The first inter-state ice hockey championship was held between a state representative team from Victoria and from New South Wales. This tournament was a best-of-3 format and saw Victoria win the series 2 games to 1. New South Wales was represented by a newly formed team in 1909 and traveled to Melbourne on 29 August 1909 which marked the first national interstate competition for senior men's hockey in Australia.
This was the year that 16-year-old John Edwin Goodall donated the J. E. Goodall Cup to the interstate series, the Victoria state team won the inaugural tournament to become the first Goodall Cup Champions, with Robert Jackson as the captain, who scored 3 goals in the second half of the final game.
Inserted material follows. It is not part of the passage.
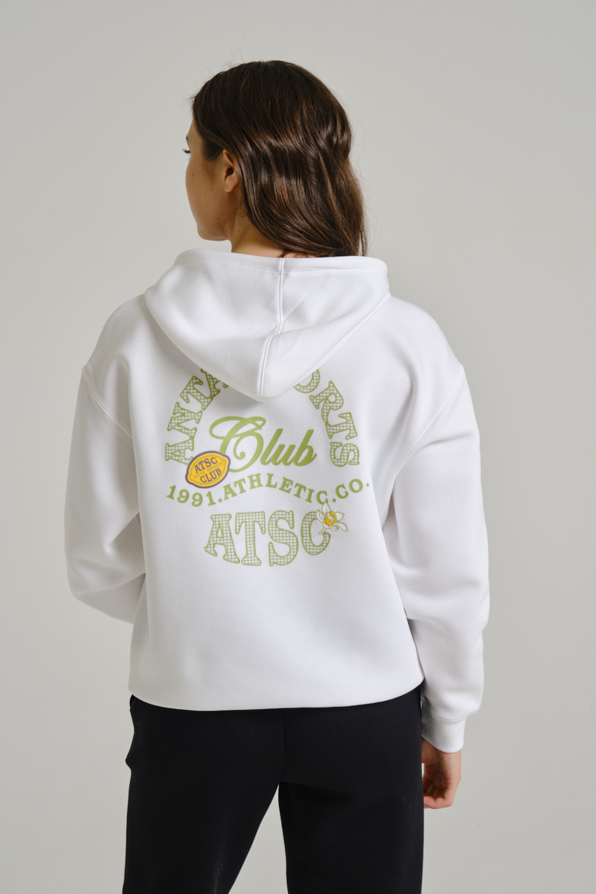 Лаконичная вышивка спереди прекрасно гармонирует с крупным принтом на спине в ретро-спортивном стиле
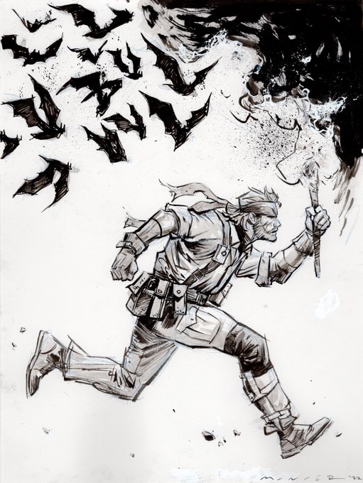 #inktoberday3 : Bat. Don’t run in a cave with vampire bats or they’re gonna snack you up, Snake. Did anyone else figure out that the bats will leave you alone if you equip the Active Sonar in the caves? #inktober2022 #metalgearsolid #MGS #GearTober

The first game of the series had a final score of 2-1 with New South Wales defeating Victoria. Friday 3 September 1909 the Victorian team defeated the New South Wales team 1-0, giving Victorian goaltender Charles Watt the first recorded shutout in Goodall Cup history. In the third game of the series both teams had won a game each. Victoria defeated New South Wales 6-1 and became the first team to win the interstate championship in Australia and the first to be awarded the Goodall Cup.

Before World War I, which interrupted the Goodall Cup series in 1914, New South Wales won 2 out of 5 Goodall Cup championships held between 1909 and 1913. Jim Kendall dominated the Victorians in his first 2 years with New South Wales, helping them win 2 Goodall Cups back to back.

When the Goodall Cup tournament resumed in 1921, New South Wales would win but Victoria would win the following year in 1922, captained by John Edwin Goodall. This was Victoria's last Goodall Cup win until 1947 where New South Wales would dominate the Goodall Cup inter-state tournaments.

In 1952 the tournament expanded with the introduction of a team from Tasmania. The first time Tasmania competed in the inter-state tournament was 1 July 1952 against Victoria at the Hobart Glaciarium. Victoria would go on to win the Goodall Cup that year.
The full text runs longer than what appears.